Trowbridge Town Council has been advised by an auditor to re-look at its planned budget for this financial year.

Following the council's year-end internal audit in May, auditor Mark Mulberry said its general reserve balance was not within the recommended range for a smaller local authority and should be increased.

At the end of the last financial year, the council's general reserves stood at £94,811 - £575,878 below the recommended three-month minimum of £670,689. 

Following the internal audit, Mr Mulberry had advised the council that it might have to re-look at its budget for 2024/25 to recoup some extra funds, which could potentially affect services.

He said: “I urge council to review the 2024/25 budget carefully with a view to building up the general reserve.”

The council's chief executive Lance Allan said that the council has an approved budget which cannot be changed but can be underspent, adding additional funds to general reserves at the end of the financial year.

He said: "Trowbridge Town Council has an adopted budget for the 2024/2025 financial year.

"It has already identified savings in that budget which should ensure that the planned contribution to general reserves of ££107,400 this year is exceeded and a three year forward plan which includes contributions of: £107,400 2025/26; £172,775 2026/27 and £240,378 2027/28 which will see its general reserves match the minimum recommended level by 2027.”

To explain, he continued: "The town council has managed its finances with reserves below the recommended minimum for the past two decades, including through the financial crash of 2008, the pandemic and recent years of high inflation.

"The 2024/25 three-month recommended minimum is £670,689. The 2024/25 budget includes a contribution of £107,400 and it is anticipated that this will be achieved and it is likely that this will be exceeded."

Mr Allan says the council's 2025 to 2028 medium-term financial plan indicates contributions of £150,000 in 2025/26, £172,500 in 2026/27 and £172,500 in 2027/28.

He added: "This will bring the total above the minimum recommended by 2027/28."

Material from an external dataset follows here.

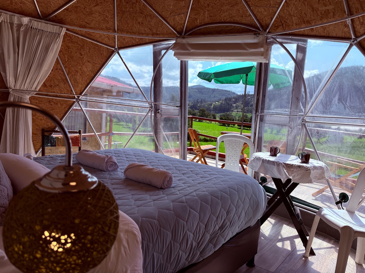Ven a disfrutar de la tranquilidad y conectar con la naturaleza! Ensueños es una cabaña glamping de lujo, tiene diseño con aires mediterráneos en un entorno natural pero con todas las comodidades. Se encuentra ubicada a 7 minutos de las piscinas termales y el lago Sochagota de Paipa. El espacio: 🍽️ Cocina equipada 🚿 Baño privado agua caliente 🛏️ 1 Cama doble y 1 cama nido semidoble 📺 TV Smart 🛜 Wifi 🅿️ Parqueadero gratis 🪻 Entorno natural Número de registro 230546

If the council makes those contributions, it would have general reserves of £697,211 by 2027/28.

Based on £2.5 million net revenue expenditure per annum, three months’ net expenditure is circa £648,000.

At the end of the financial year, the council held circa £477,536 in earmarked reserves and a further £94,811 in the general reserve. It reported a £166,003 deficit for 2023/24.

The Joint Panel on Accountability and Governance Practitioner’s guide recommends a smaller authority’s general reserve should be maintained at between three and 12 months of net revenue expenditure.

In his report, which was approved by councillors on Tuesday, June 18, Mr Mulberry, of Mulberry Local Authority Services, said Trowbridge Town Council’s general reserve balance was not within the recommended range and at its current level did not even cover one month’s overhead.

He added: “This is far too low for a council of this size. This balance could be quickly extinguished if the council had an emergency spending requirement.

“This has been mentioned in previous interim audits and council requested to improve its general reserve balance as part of its budget-setting process. I strongly recommend council continue to monitor this."

Trowbridge Town Council leader, Stewart Palmen said: “Yes, our reserves are much lower than we would like as a town council but there are plans in place over the next few years to replenish the reserves up to the levels recommended by the auditor.”

Concerns over the low level of general reserves have previously been raised by Conservative councillors Edward Kirk and Antonio Piazza, who said: “Since being elected, Cllr Kirk and I have highlighted this issue at numerous budget meetings.

“Regretfully, our RFO chooses to draft a budget every financial year that kicks the can down the road, meaning the problem is left to future generations of the town to solve. 

“The independent auditor's recommendation comes from NALC guidance, put in place to financially safeguard our services and residents.

"Considering the amount of uncertainty and instability globally, a more prudent level would be closer to the upper end of twelve months. 

“This ensures that even if the sky falls, you will still be able to meet your financial commitments without scrambling for emergency measures.”